* [EXERCISE AIM]:
The material below holds pictures; leave them out and reproduce exactly the lines from the one with "Als sich Jürgen" through the one with "This rattan outdoor", inclusive.

* [STUDY MATERIAL]:
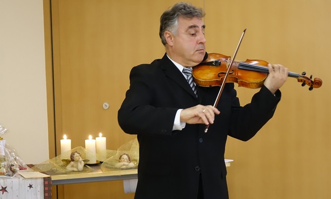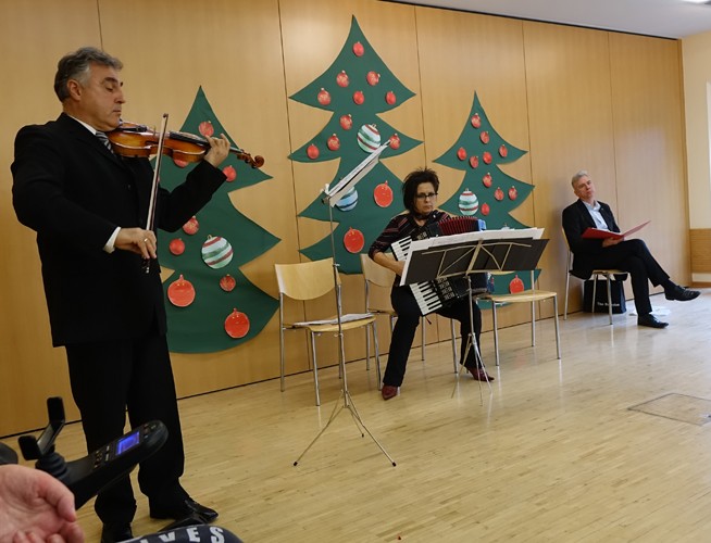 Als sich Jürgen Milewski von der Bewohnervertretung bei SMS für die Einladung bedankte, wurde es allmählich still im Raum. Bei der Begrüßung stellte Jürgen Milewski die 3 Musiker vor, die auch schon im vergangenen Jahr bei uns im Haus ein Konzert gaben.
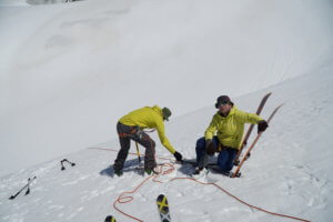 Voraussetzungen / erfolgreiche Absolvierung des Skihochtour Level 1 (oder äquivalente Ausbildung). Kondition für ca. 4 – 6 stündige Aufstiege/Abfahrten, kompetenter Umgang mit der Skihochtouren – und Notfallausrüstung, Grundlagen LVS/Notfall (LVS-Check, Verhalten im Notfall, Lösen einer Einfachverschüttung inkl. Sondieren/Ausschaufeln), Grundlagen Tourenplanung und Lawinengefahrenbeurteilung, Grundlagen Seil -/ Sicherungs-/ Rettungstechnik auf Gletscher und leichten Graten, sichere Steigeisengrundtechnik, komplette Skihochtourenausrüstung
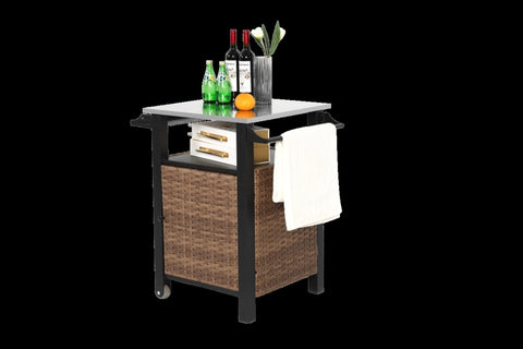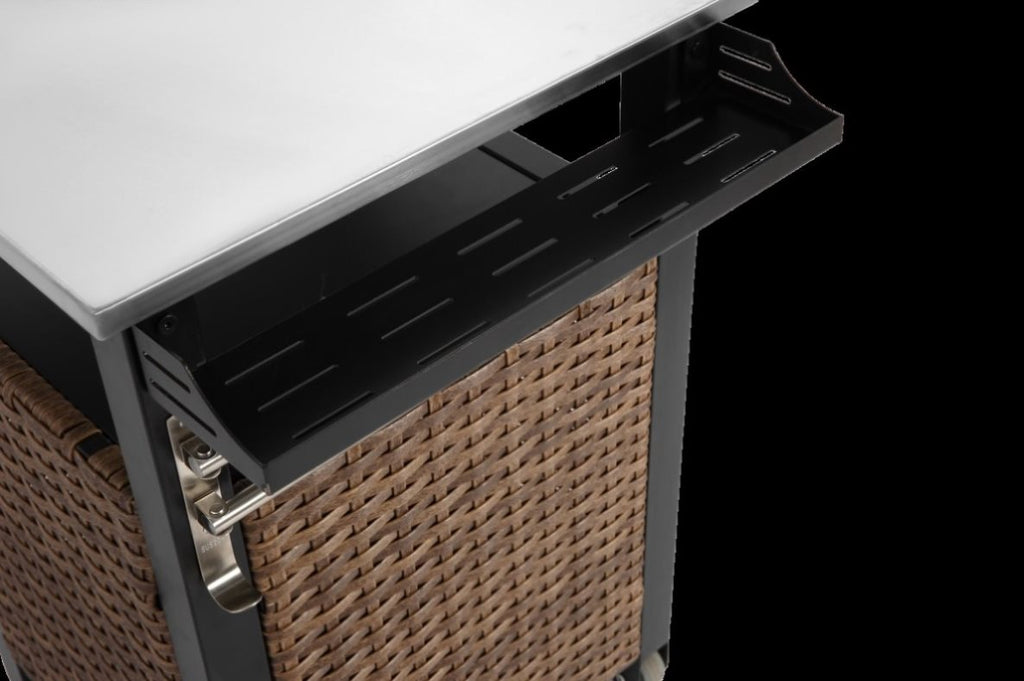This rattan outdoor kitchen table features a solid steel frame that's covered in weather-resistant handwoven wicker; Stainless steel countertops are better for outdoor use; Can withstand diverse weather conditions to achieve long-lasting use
---
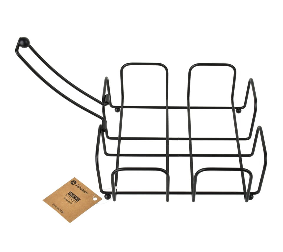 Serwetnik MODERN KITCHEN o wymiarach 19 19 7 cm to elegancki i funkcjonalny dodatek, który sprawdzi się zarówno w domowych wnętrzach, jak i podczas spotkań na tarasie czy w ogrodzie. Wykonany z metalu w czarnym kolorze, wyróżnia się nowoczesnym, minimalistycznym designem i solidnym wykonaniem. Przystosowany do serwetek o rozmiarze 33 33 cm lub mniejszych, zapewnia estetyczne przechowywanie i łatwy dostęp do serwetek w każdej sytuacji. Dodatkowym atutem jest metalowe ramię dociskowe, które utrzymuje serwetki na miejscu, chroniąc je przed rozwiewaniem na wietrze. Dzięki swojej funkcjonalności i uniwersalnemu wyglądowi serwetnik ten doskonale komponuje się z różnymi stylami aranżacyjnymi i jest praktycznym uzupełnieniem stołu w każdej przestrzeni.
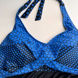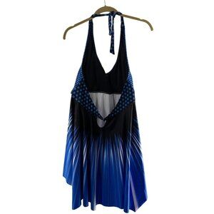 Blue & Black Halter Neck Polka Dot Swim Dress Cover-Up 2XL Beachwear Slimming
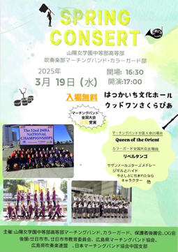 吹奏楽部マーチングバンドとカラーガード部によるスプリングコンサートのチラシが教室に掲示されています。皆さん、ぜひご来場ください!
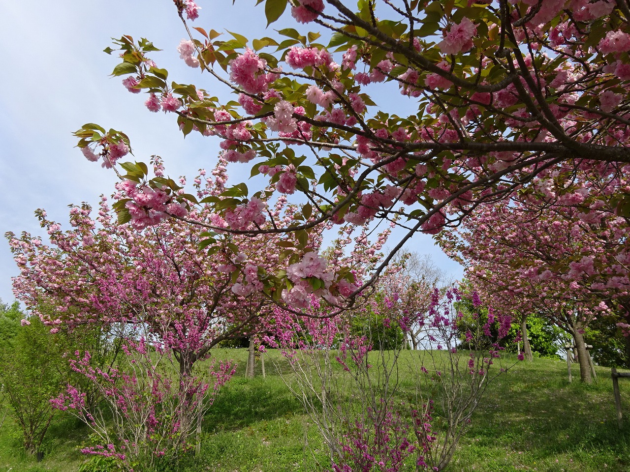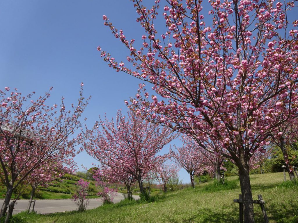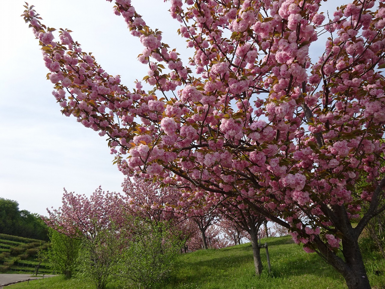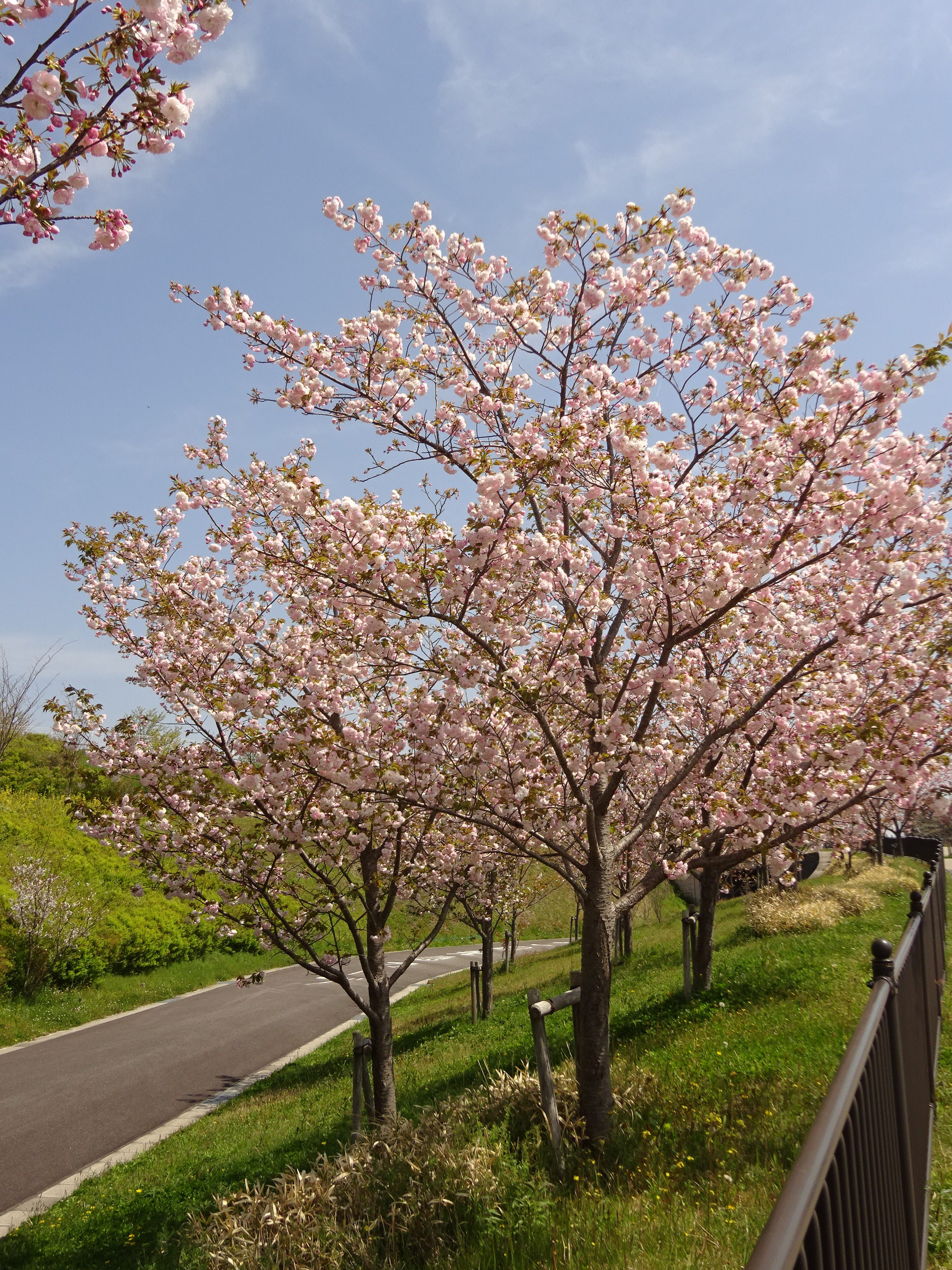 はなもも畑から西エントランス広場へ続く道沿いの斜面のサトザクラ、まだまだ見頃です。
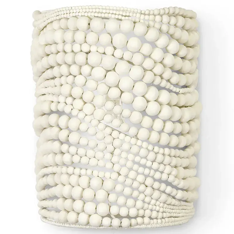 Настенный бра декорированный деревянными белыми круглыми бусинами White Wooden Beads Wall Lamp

* [RESPONSE]:
 Als sich Jürgen Milewski von der Bewohnervertretung bei SMS für die Einladung bedankte, wurde es allmählich still im Raum. Bei der Begrüßung stellte Jürgen Milewski die 3 Musiker vor, die auch schon im vergangenen Jahr bei uns im Haus ein Konzert gaben.
 Voraussetzungen / erfolgreiche Absolvierung des Skihochtour Level 1 (oder äquivalente Ausbildung). Kondition für ca. 4 – 6 stündige Aufstiege/Abfahrten, kompetenter Umgang mit der Skihochtouren – und Notfallausrüstung, Grundlagen LVS/Notfall (LVS-Check, Verhalten im Notfall, Lösen einer Einfachverschüttung inkl. Sondieren/Ausschaufeln), Grundlagen Tourenplanung und Lawinengefahrenbeurteilung, Grundlagen Seil -/ Sicherungs-/ Rettungstechnik auf Gletscher und leichten Graten, sichere Steigeisengrundtechnik, komplette Skihochtourenausrüstung
This rattan outdoor kitchen table features a solid steel frame that's covered in weather-resistant handwoven wicker; Stainless steel countertops are better for outdoor use; Can withstand diverse weather conditions to achieve long-lasting use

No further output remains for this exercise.